Moving Upstream is about regulated practice in the field of parental alienation, early intervention to properly triage cases and forensic assessment to ensure that the psychologically split state of mind in a child is recognised, flagged and NOT depended upon for decisions going forward. Moving Upstream is about helping families at the earliest point in divorce and separation instead of dragging the bodies out of the water to resuscitate them further down. Moving Upstream is a strategy which recognises that divorce and separation harms children and that the space in between two newly separated parents is an incredibly problematic space for children of all ages. Moving Upstream is about the reform of family services away from feminist thinking and towards therapeutic assistance which truly helps children to negotiate the painful landscape of divorce and separation.
Moving Upstream to Address the Problem of Parental Alienation in Europe is the start of a new phase of work with children of divorce and separation and it begins by regulating the work of all practitioners in this field. As we regulate the space we protect parents and children and also practitioners who do this work. As we protect practitioners, more will come to do this work which means that the stranglehold that blinkered family services have on vulnerable families will be diminished.
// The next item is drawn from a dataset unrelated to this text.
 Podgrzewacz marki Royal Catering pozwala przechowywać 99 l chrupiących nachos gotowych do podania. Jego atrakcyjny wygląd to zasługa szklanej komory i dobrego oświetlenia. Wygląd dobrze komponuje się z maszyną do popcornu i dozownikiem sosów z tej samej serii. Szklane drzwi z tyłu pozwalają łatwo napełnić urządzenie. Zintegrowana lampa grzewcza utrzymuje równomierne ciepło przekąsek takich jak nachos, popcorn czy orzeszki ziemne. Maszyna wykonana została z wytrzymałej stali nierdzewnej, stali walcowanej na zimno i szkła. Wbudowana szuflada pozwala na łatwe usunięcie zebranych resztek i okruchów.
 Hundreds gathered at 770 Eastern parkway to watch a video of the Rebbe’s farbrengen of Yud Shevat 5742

With recognised standards of practice in place, no family will have to suffer at the hands of untrained and unaware practitioners. In the future, anyone whose child is rejecting or resisting contact, will have access to the assessments which differentiate parental alienation and to treatment routes which are shown to work.
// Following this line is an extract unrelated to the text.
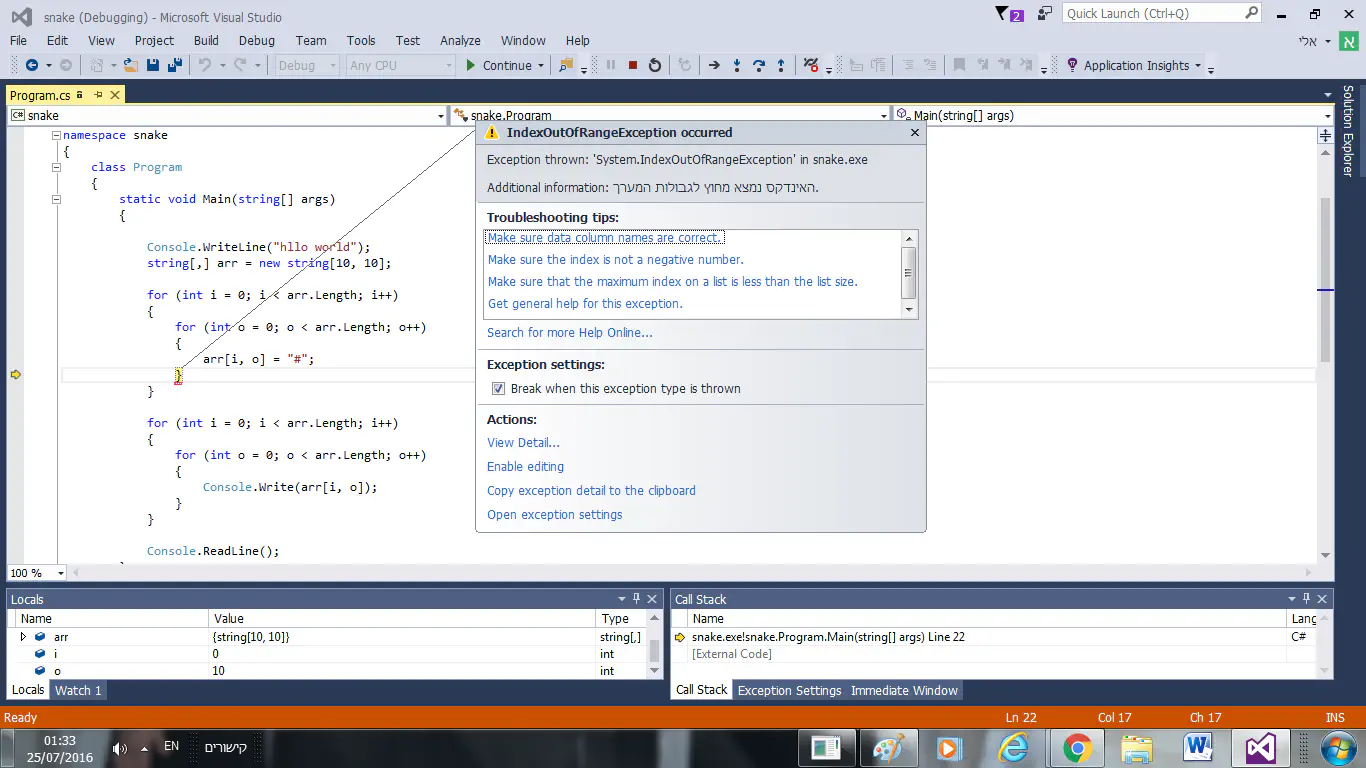 שים לב שהמטריצה מהסוג שהשתמשת בה היא בסך הכל מערך.

Moving Upstream matters because prevention is far better than cure in parental alienation and the evidence which is emerging from young people, of the damage that parental alienation does underscores this tenfold. One day very soon, the children whose wishes and feelings were upheld by the family court, will be standing in court asking for damages for the harm done to them. And with the evidence they hold about what could and should have been done but wasn’t and the evidence that those who could and should have done something didn’t, this is a generation of children who will help to prevent damage being done to the children coming after them.
As one such young person said to me last week –
‘how could anyone rely on a word I said back then? I was scared, I was terrified in fact and I just wanted it all to stop – so much so that I would have said anything about my dad to make it stop. I thought they were going to help me but all they did was write down what I said and then they told my dad. I was so ashamed because I realised how much I had hurt him. I was so ashamed and scared that I never saw him again, which of course made my mum really happy. I have had to live with that for nearly fifteen years now. How could they do that to a child?’
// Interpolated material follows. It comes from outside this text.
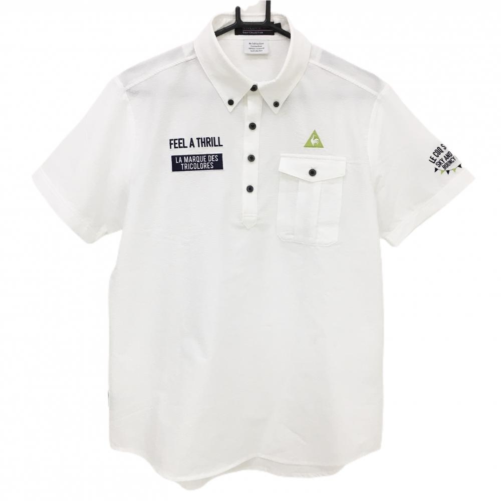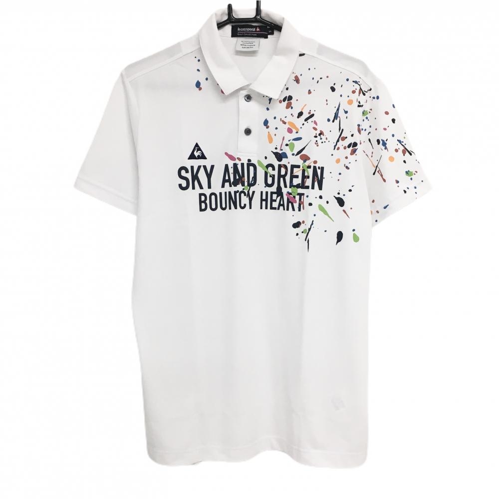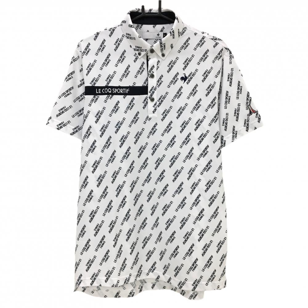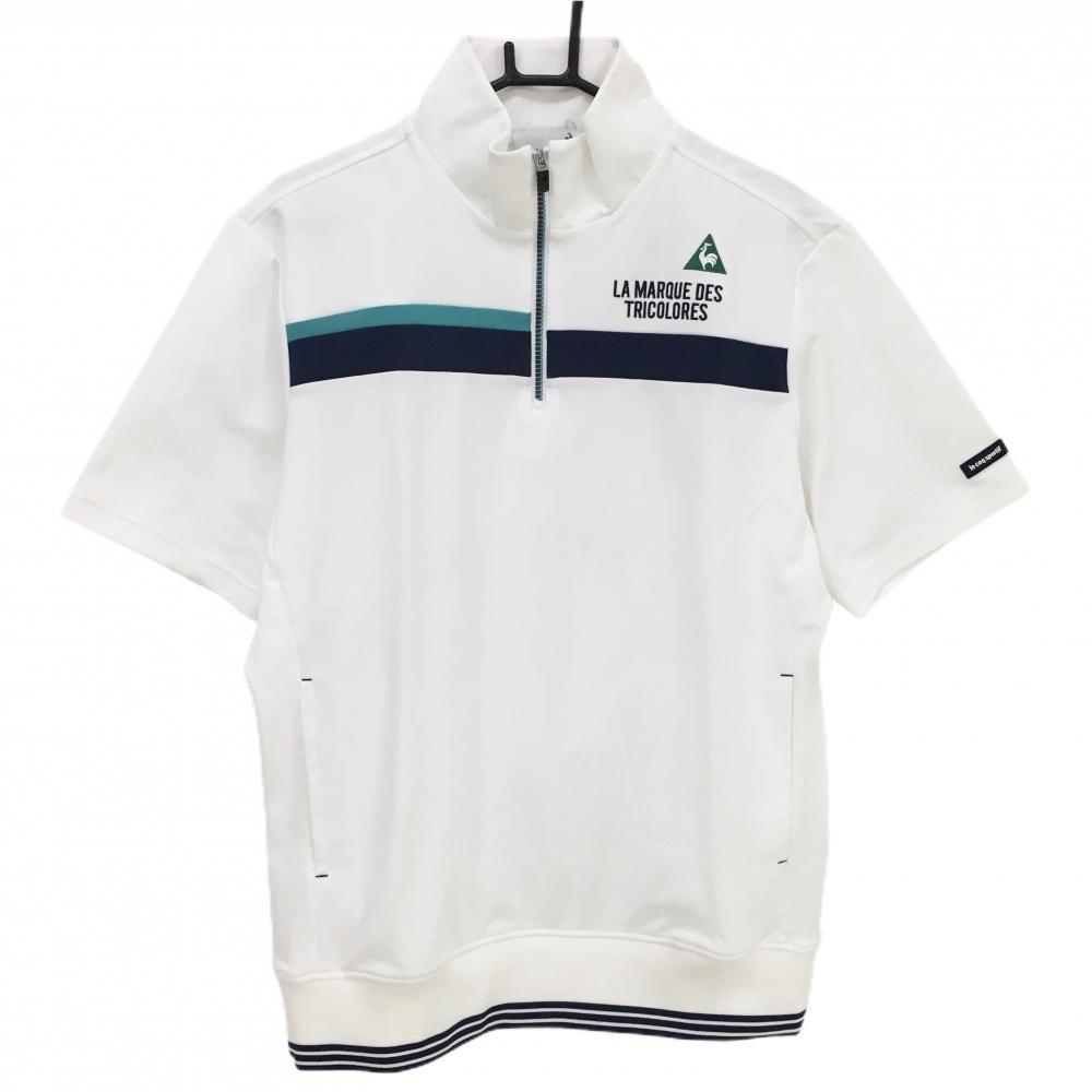 ルコックゴルフ 半袖ブルゾン 白×黒 ロゴレッド ハーフジップ 裾ドローコード メンズ M ゴルフウェア le coq sportif

When the evidence has been in existence for all of the time these children were growing up but it was ignored in favour of burdening children with the responsibility.
How could they do that to a child?
EAPAP Conference 2018
The EAPAP Conference 2018 opens a new phase of work with children of divorce and separation in Europe by regulating the space in which this work is done and by introducing training, accreditation and awareness raising across Europe.
The EAPAP Conference launches internationally recognised standards of practice with children of divorce and separation and particularly parental alienation.